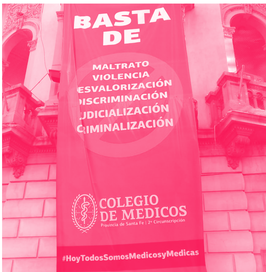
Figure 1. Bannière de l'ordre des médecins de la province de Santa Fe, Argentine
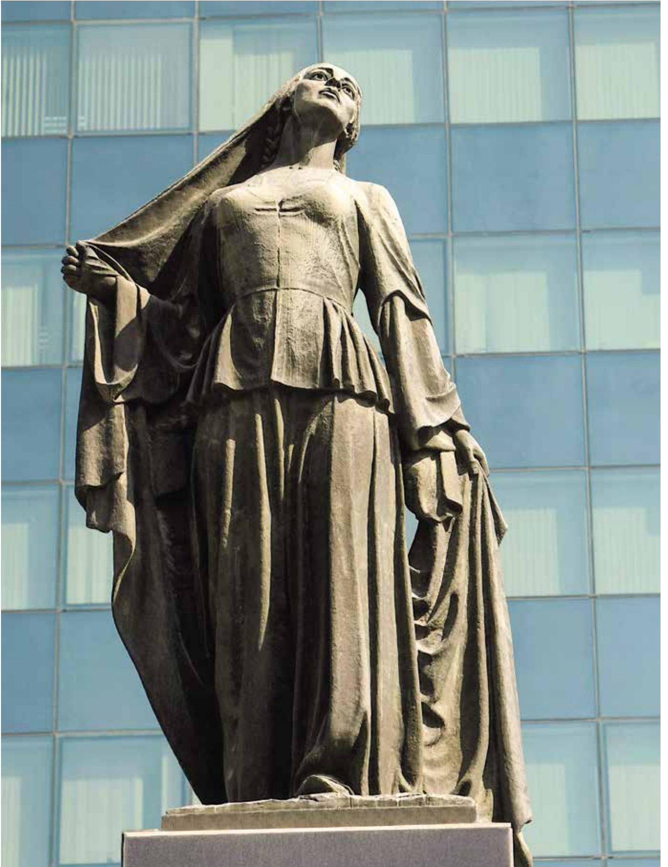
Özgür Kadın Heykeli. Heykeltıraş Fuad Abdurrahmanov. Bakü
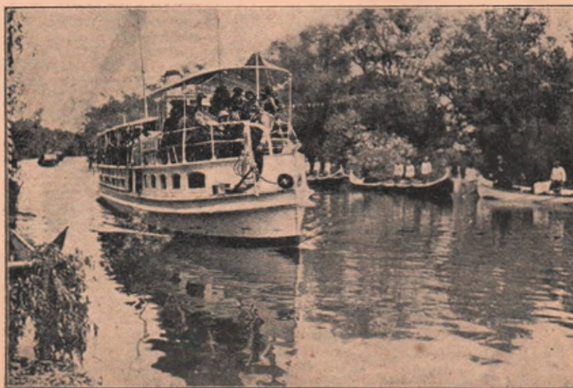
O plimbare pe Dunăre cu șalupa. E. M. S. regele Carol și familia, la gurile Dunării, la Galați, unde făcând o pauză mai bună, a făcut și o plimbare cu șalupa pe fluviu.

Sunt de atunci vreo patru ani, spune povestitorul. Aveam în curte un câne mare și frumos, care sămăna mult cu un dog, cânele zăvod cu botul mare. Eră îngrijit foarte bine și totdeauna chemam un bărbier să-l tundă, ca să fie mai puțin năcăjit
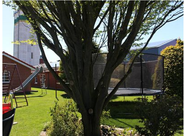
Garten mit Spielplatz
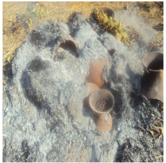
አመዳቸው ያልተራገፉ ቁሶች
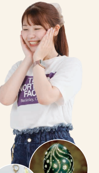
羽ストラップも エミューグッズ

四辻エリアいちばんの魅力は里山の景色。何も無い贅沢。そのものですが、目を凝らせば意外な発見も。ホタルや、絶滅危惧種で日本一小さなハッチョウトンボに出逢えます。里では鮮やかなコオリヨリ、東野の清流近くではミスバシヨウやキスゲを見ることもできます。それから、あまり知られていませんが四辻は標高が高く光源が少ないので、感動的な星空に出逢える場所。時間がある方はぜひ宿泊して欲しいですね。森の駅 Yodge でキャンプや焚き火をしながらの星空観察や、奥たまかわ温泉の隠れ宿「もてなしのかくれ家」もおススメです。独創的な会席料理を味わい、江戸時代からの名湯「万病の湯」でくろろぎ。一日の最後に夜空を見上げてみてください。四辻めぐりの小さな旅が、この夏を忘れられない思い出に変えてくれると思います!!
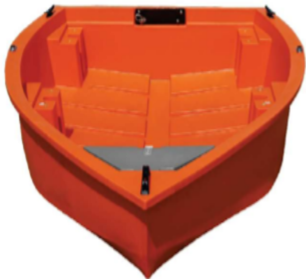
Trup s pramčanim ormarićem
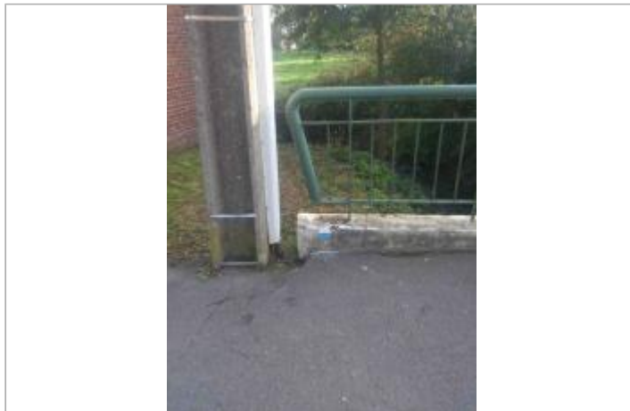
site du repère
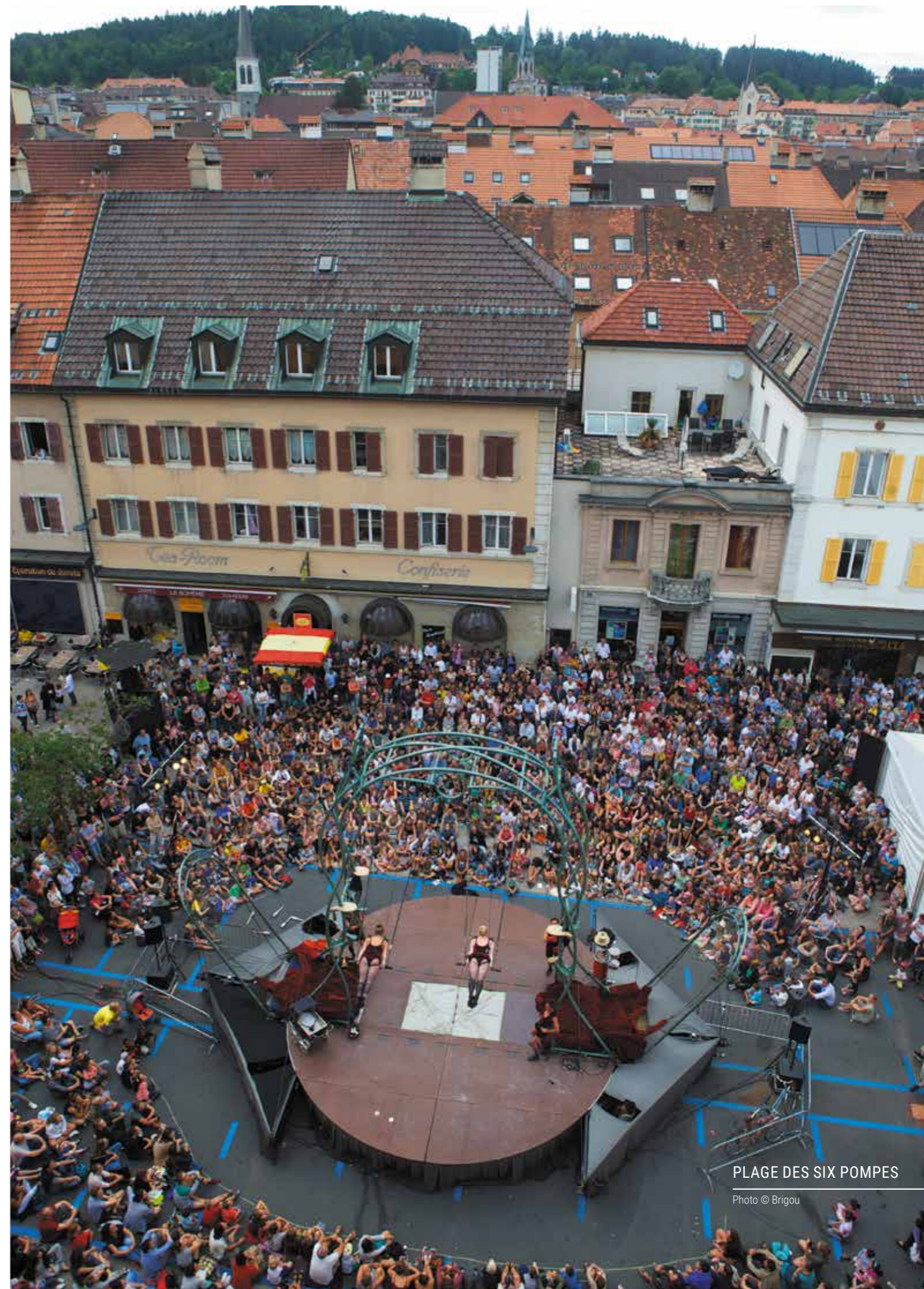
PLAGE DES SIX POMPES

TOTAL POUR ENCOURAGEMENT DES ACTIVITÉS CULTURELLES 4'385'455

::::::::::

# The problem
What the answer needs is every line from the one containing "Trup s pramčanim ormarićem" through the final line of the data above, copied exactly, without pictures.

# Exercise solution
Trup s pramčanim ormarićem
site du repère
PLAGE DES SIX POMPES

TOTAL POUR ENCOURAGEMENT DES ACTIVITÉS CULTURELLES 4'385'455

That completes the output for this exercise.